I have been searching around the web without much luck in finding 770 info. I am going to look at a 91 4x4 770 this afternoon. It has a FEL, post hole digger, york rake, and wieght box with 400hrs for $8900?

I am looking for a tractor for around my 2.5 acre lot to more firewood, mulch, dirt, run a rear finishing mower, more snow, etc.

I was looking at a brand new 2320 or some older kubotas, like the b7100 etc, but i grew up with JDs and would like to stick to one..... I think also I would like to find something used in good shape... only thing is to my knowledge, the 770 is a gear tranny....

anyone that owns or has owned a 770, how did it perform? how did you like it?

thanks


----------



## JDFANATIC (Dec 28, 2005)

Wonderful tractor; same formula as the 750 before it and the 790 today. Like you said, it is a gear machine. Considering the attachments and low hours, it sounds like a good deal.

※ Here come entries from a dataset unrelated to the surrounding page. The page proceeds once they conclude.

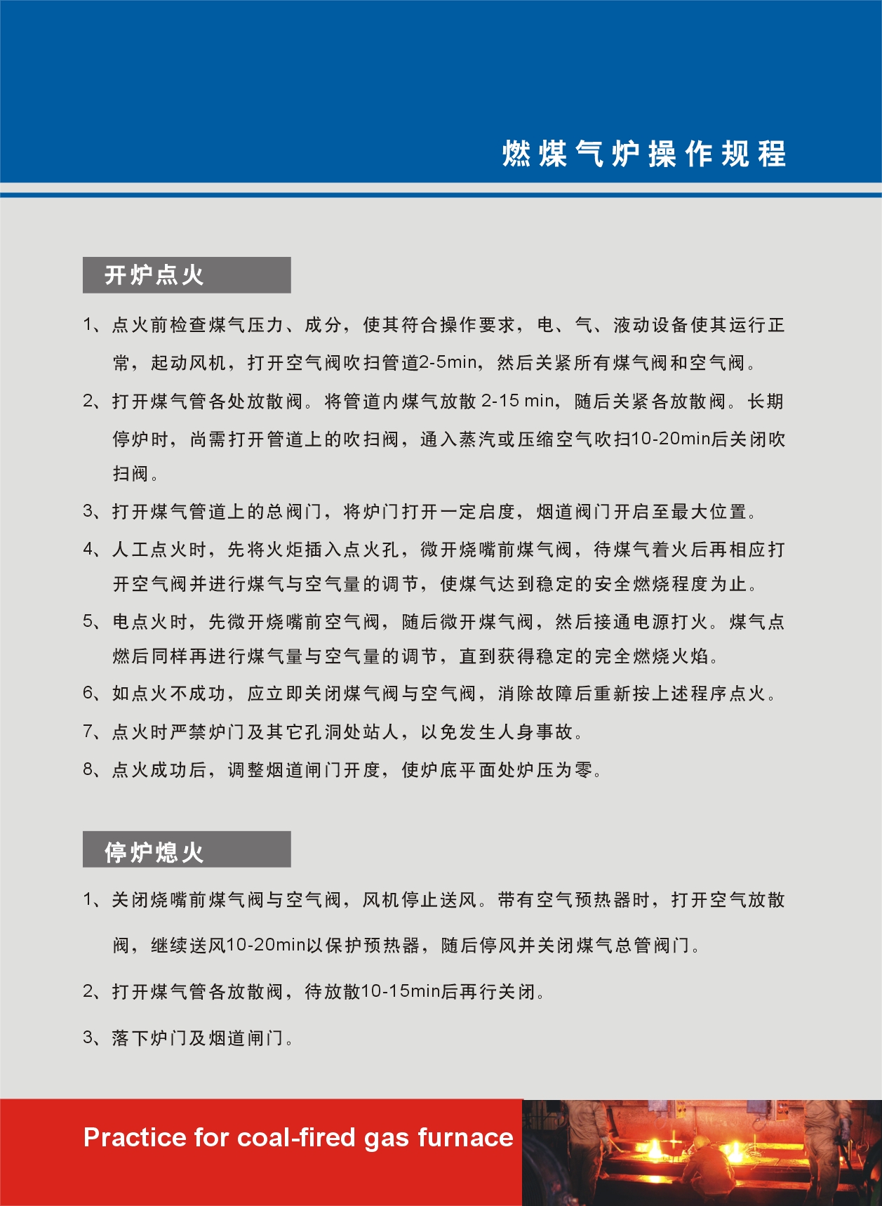 點火檢查煤氣壓力、成分,使其符合操作要求,電、氣液動設備使其運行正常,起動風機,打開空氣閥吹掃管道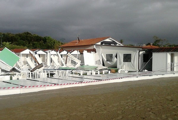 Danni, seppur di minor rilievo anche dagli stabilimenti vicini, dove alcune tende strappate dalla furia del vento.
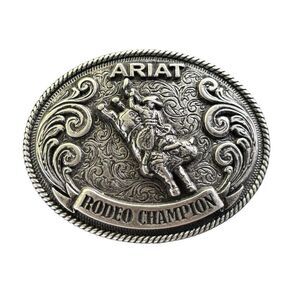 Ariat Youth Rodeo Champion Western Belt Buckle Silver Ornate Design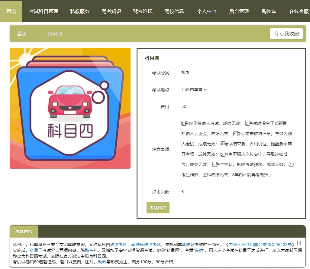 (7)预约项目:用户通过系统在线预约驾考服务项目。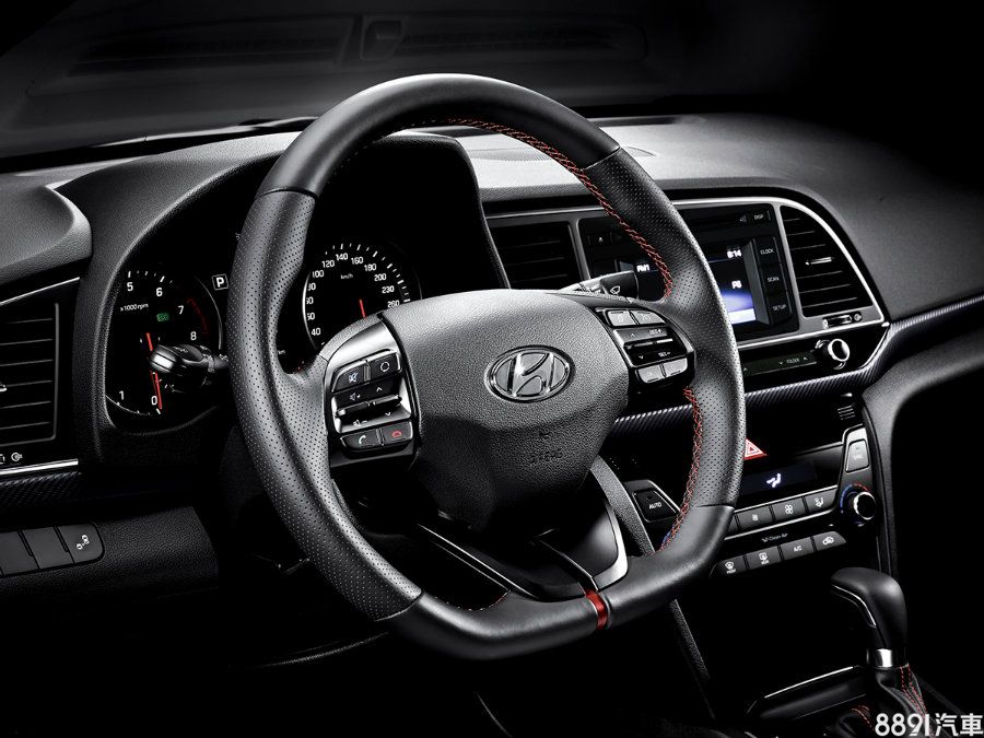 外觀具備專屬的空力設計,車頭採亮黑色水箱罩,上頭有「Turbo」銘牌以表身分,頭燈為HID光源,車尾則是單邊雙出的尾管以及下方的分流器造型,雖沒有尾翼配置,但已經有效營造跑格視覺,能和一般Elantra的溫文氣質區隔。至於車色提供烈焰紅、極速黃、海洋藍、極速白以及金屬灰共五種選擇。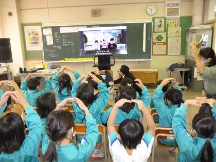 古沢小学校の2年生とリモート交流を行いました。古沢小の子供たちはダンスとおもちゃづくりのプレゼンをしてくれました。寒江小の子供たちは体育で練習したダンスと図工で行ったファッションショーを見せました。リモートで交流する楽しさを知った2年生でした。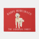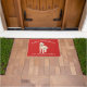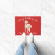 Adorable Christmas doormat featuring a Golden Doodle Dog wearing a santa hat on a festive red background.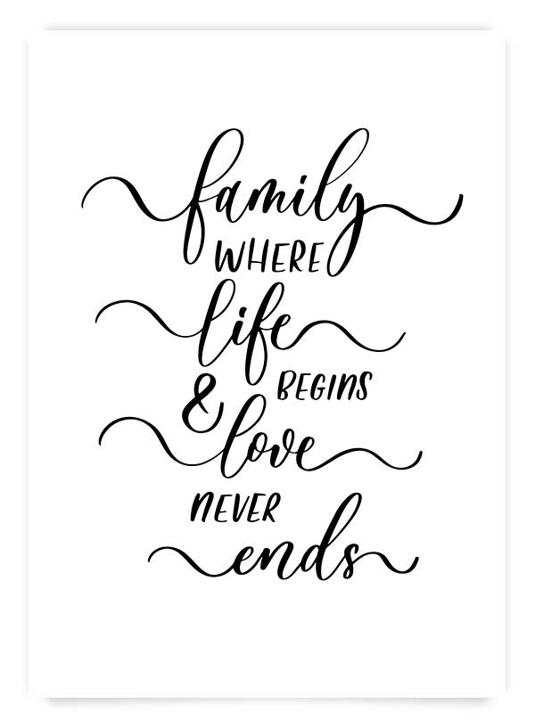 Un poster de dragoste pentru familie cu text pe fundal alb. Îi poți adăuga o ramă albă, neagră sau de lemn pentru a-l transforma într-un tablou.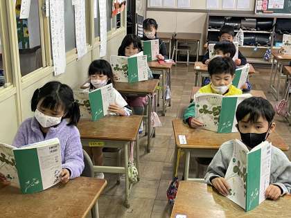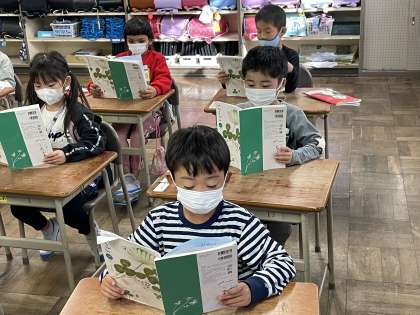 今週の1年生の国語の授業のようすです。教科書を役割ごとに順番に音読しました。はっきりとした声で聞き手に伝わるようにしっかりと音読できましたね。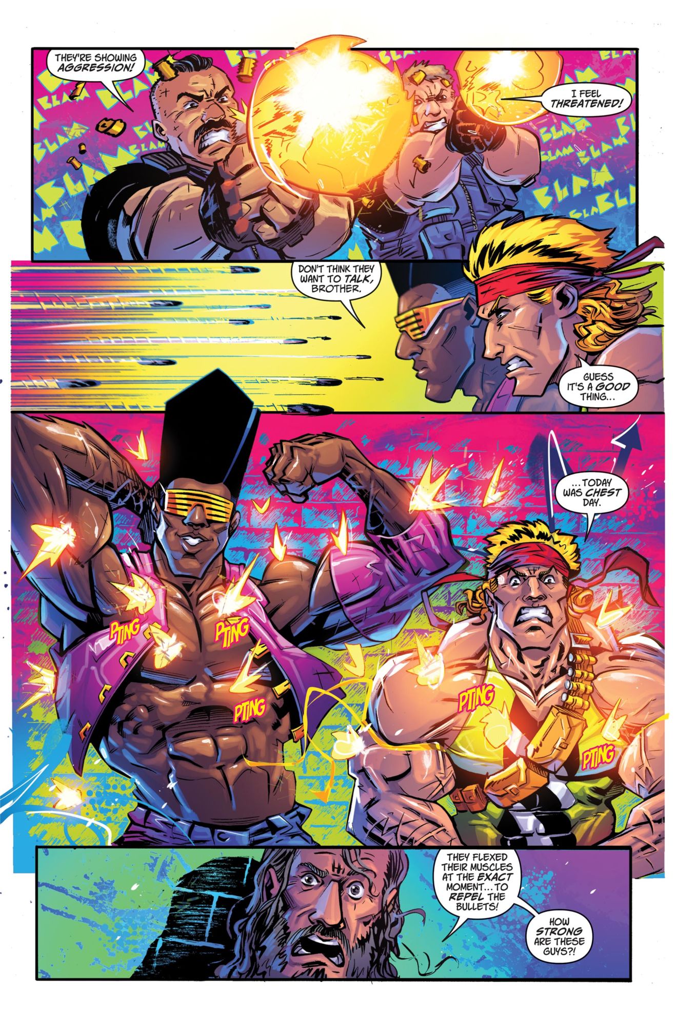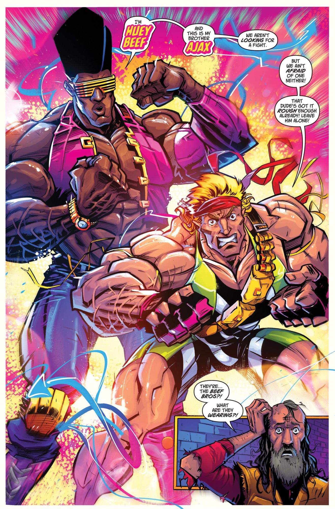 The solution? BEEF BROS, an eye-searing, gonzo comic about Huey and Ajax Beef, a pair of neighborhood heroes willing to brawl with sadistic police, cruel landlords, and predatory corporations not because of any complicated college-boy theorizing, but because helping people out is simply the right thing to do.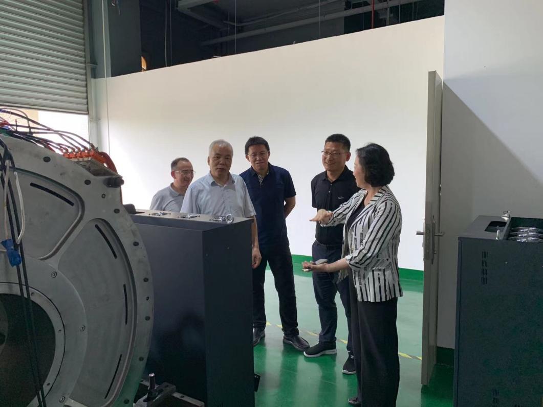 调研期间,龚思怡一行实地考察了研究院的展示厅、研发工作室、成品制作车间、产品测试平台等,详细了解研究院的运行与研发状况。研究院目前在研的250kW低速大扭矩电机,额定转矩高达10000牛米,可以实现重型设备的直接驱动,省去了常规的减速机构,极大提高了系统运行的效率和可靠性。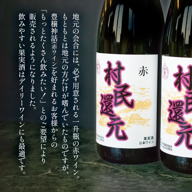 もともとは、地元の方だけが嗜んでいたものですが、豊穣神話(赤ワイン)を好まれるお客様からのもっとたくさん飲みたい!とのご要望により販売されるようになりました。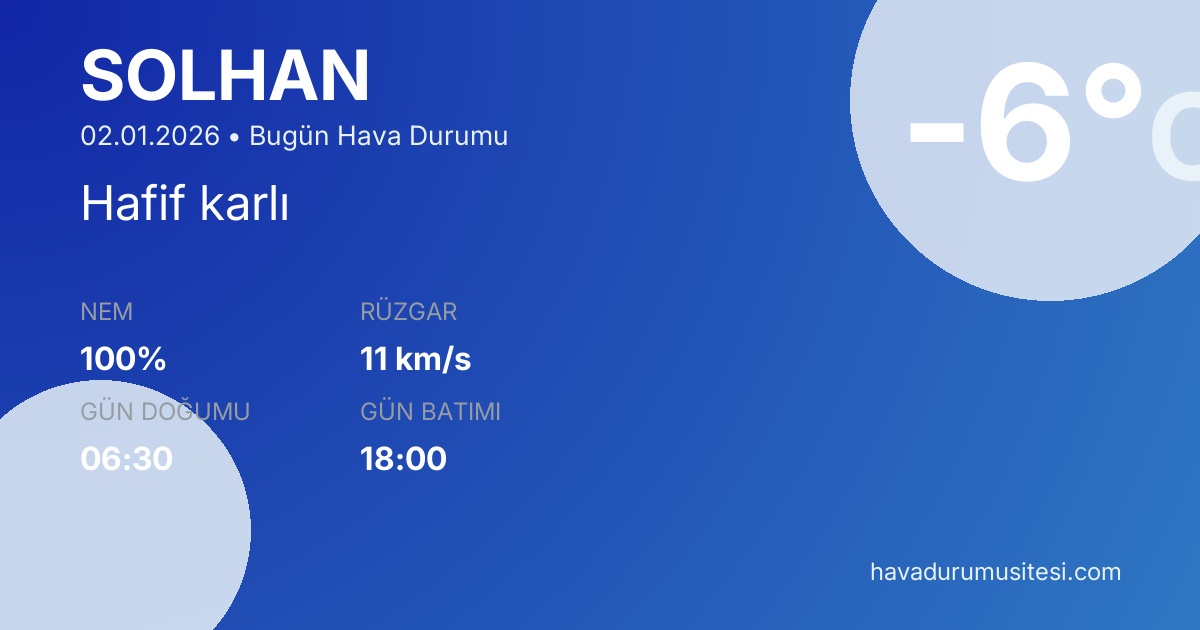Solhan bugün hava durumu tahminleri düzenli olarak güncellenmektedir. 7 günlük haftalık tahmin ve 30 günlük uzun vadeli tahmin sayfalarımız ile farklı zaman dilimleri için planlama yapabilirsiniz. Meteoroloji verileri güvenilir kaynaklardan alınmakta ve sürekli güncellenmektedir. Son güncelleme: 02.01.2026 09:50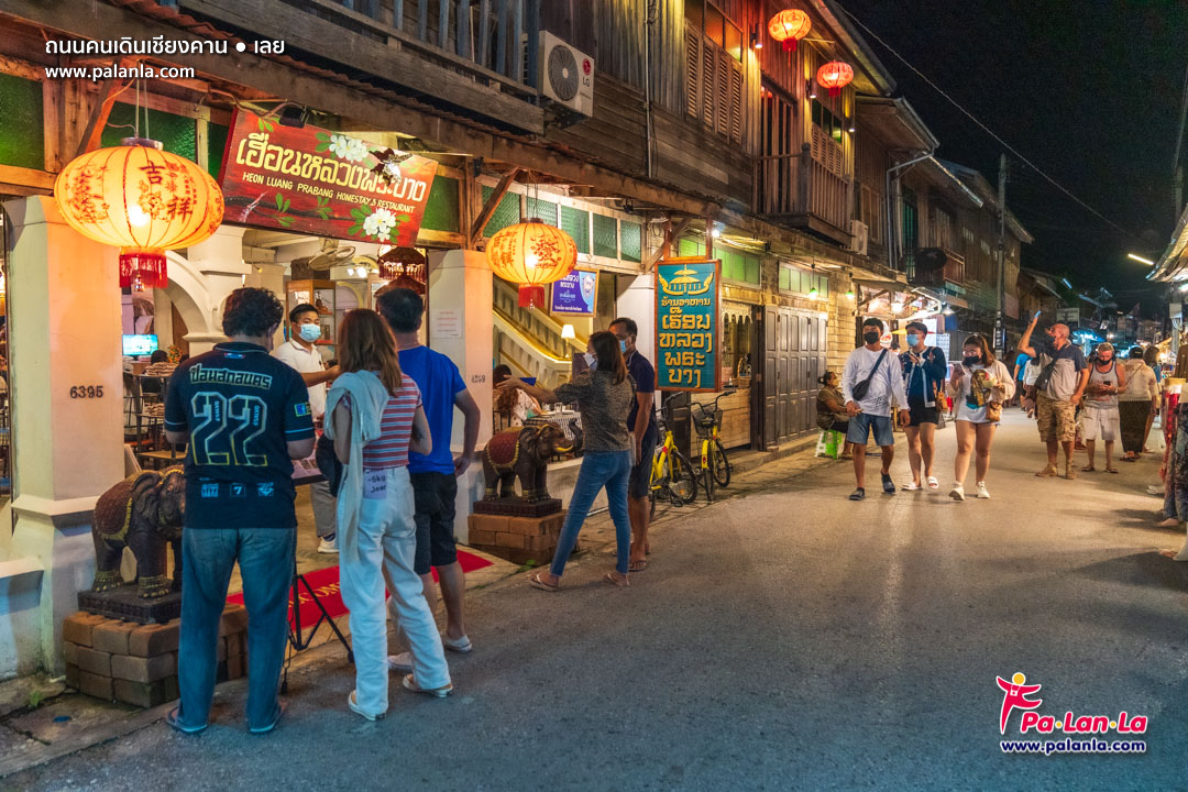 บรรยากาศถนนคนเดินเชียงคานที่มีนักท่องเที่ยวมาเดินเล่นกันอย่างคึกคัก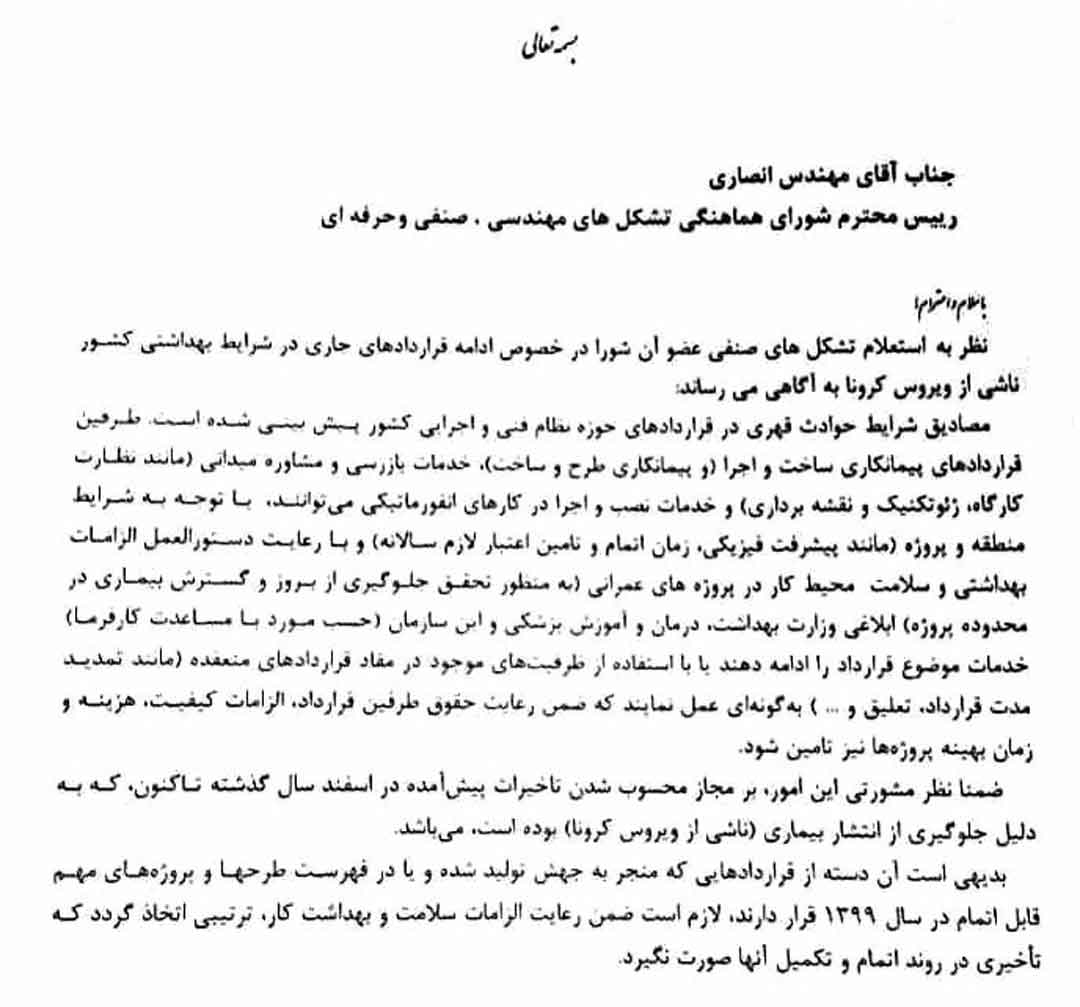 نظر به استعلام تشکل های صنفی عضو آن شورا در خصوص ادامه قراردادهای جاری در شرایط بهداشتی کشور ناشی از ویروس کرونا به آگاهی میرساند؛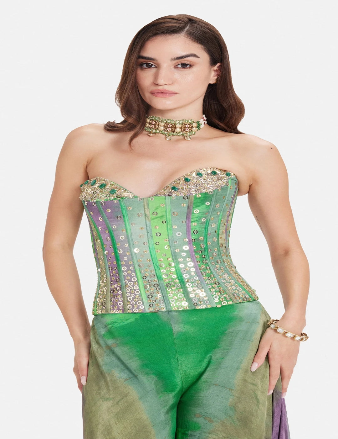 Description: A striking green corset and sharara set crafted in crepe, highlighted with elegant sequins, beads, and zari embroidery. Featuring a sweetheart neckline and a flattering silhouette, this ensemble is perfect for festive evenings and celebratory occasions.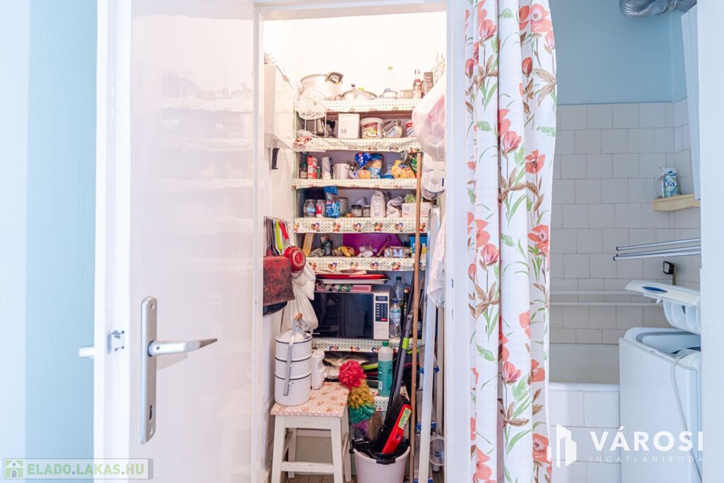 Fontos tudni: a konyha és a fürdő jelenleg egy légtérben található. Az átalakítás során a kamra bevonásával külön zuhanyzós fürdő kialakítható.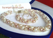 CR_L03 ชุดเครื่องประดับไข่มุกแท้สีขาวและชมพู ร้อยผสมคริสตัล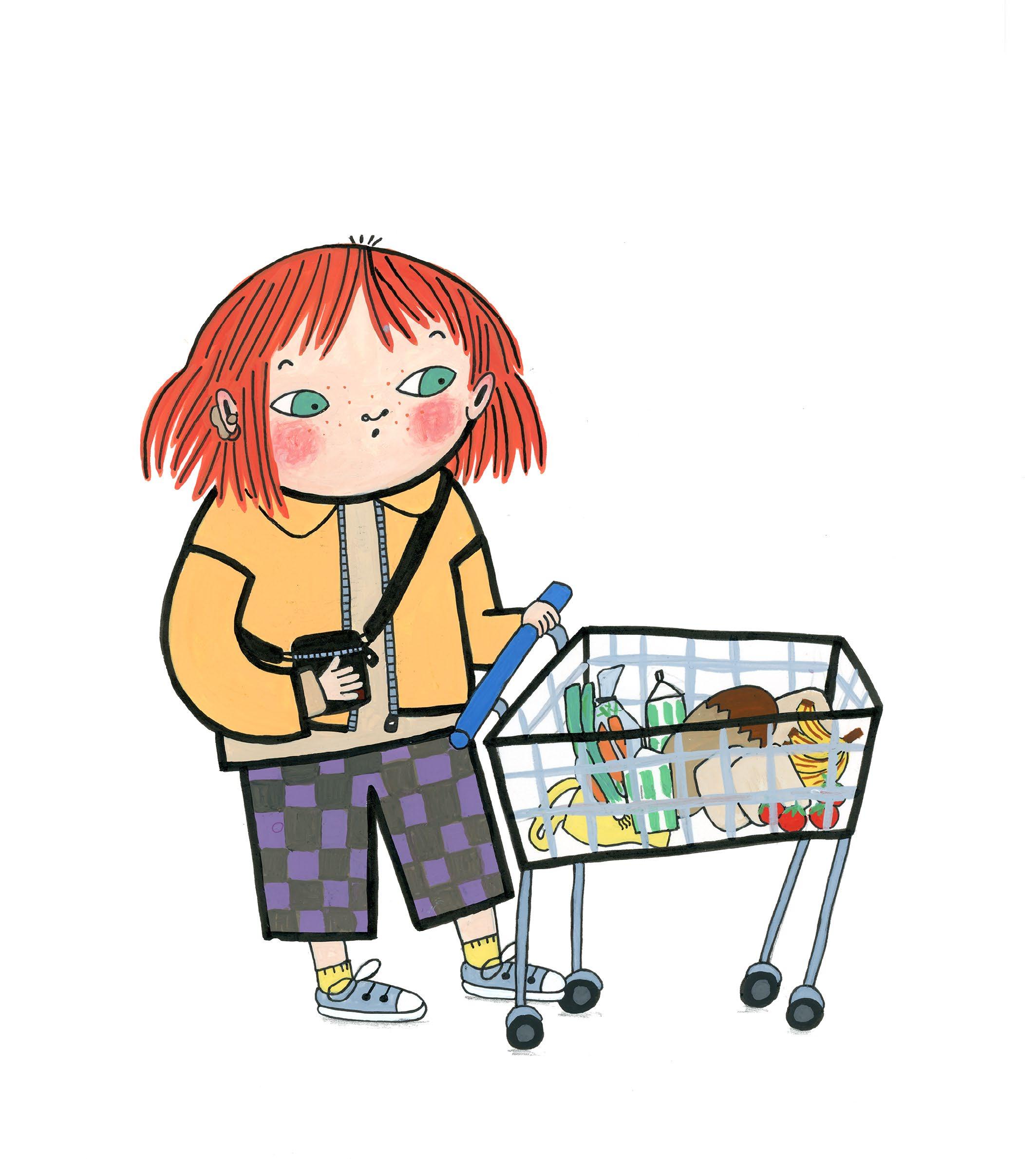 Boken kan också användas för att förbereda barnet för en situation som många kan känna igen sig i – nämligen att lämna ifrån sig det man vill köpa i kassan ...

I have a friend with this tractor and he runs an 84" RFM (not recommended, but he has gotten away with it for 10+ years).


----------



## Thomas (Nov 1, 2006)

Morning purpony.
I have B7100HST and they are great working little mule,only problem they don't have power steering 

There couple site which maybe some help///
Tractorhouse.com
Ironsearch.com


----------